● **Try it**:
Output the full listing exactly as written, with no pictures in it.

*** Opening of Collected material ***

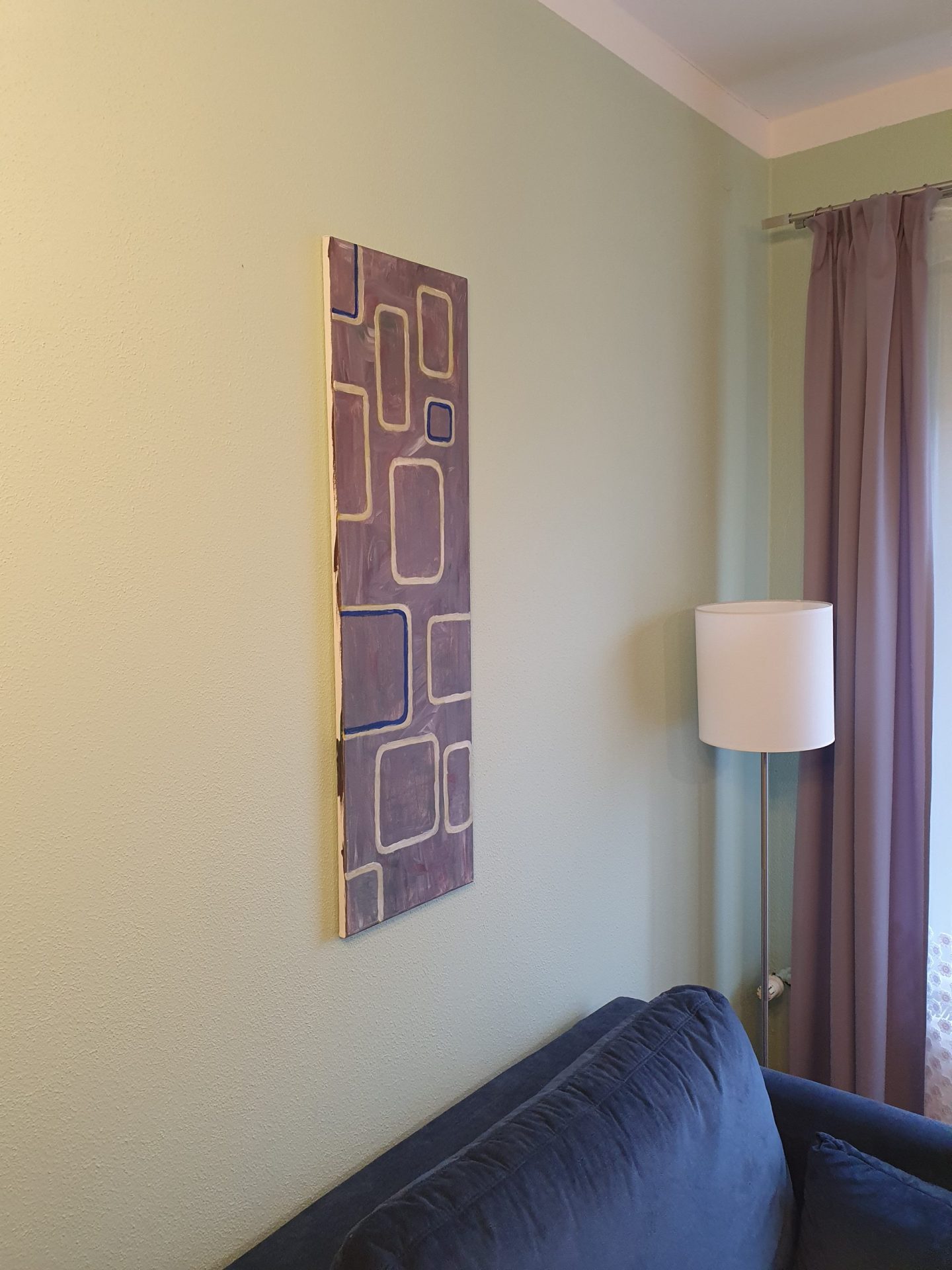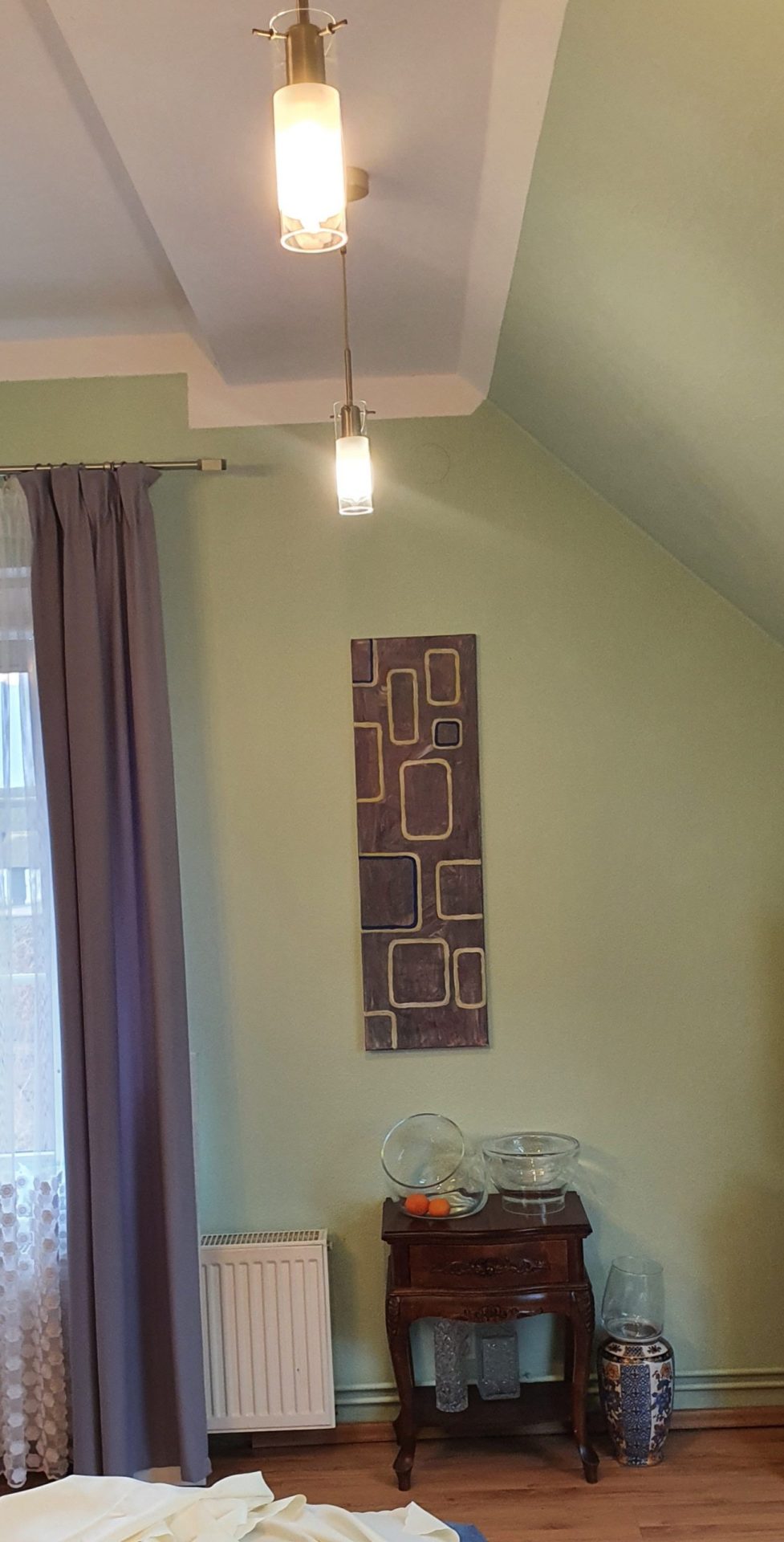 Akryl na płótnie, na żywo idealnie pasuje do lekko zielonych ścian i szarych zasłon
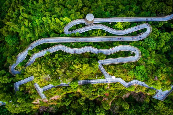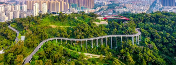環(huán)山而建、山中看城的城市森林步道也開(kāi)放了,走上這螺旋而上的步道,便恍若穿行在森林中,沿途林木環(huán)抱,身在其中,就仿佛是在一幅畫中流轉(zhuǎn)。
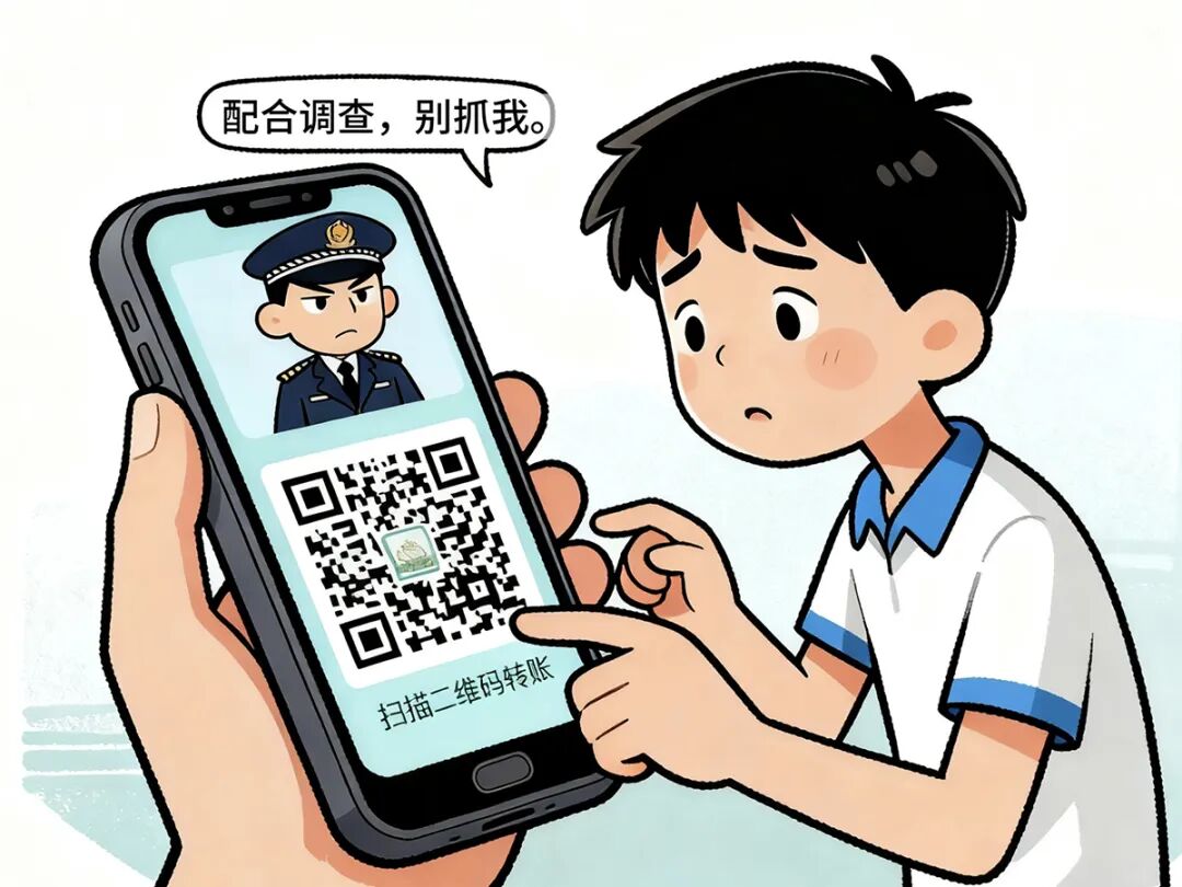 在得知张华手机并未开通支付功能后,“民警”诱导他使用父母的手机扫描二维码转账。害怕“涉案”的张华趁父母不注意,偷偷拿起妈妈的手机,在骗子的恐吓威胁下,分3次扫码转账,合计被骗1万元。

*** Close of Collected material ***

● **Answer to this task**:
 Akryl na płótnie, na żywo idealnie pasuje do lekko zielonych ścian i szarych zasłon
環(huán)山而建、山中看城的城市森林步道也開(kāi)放了,走上這螺旋而上的步道,便恍若穿行在森林中,沿途林木環(huán)抱,身在其中,就仿佛是在一幅畫中流轉(zhuǎn)。
 在得知张华手机并未开通支付功能后,“民警”诱导他使用父母的手机扫描二维码转账。害怕“涉案”的张华趁父母不注意,偷偷拿起妈妈的手机,在骗子的恐吓威胁下,分3次扫码转账,合计被骗1万元。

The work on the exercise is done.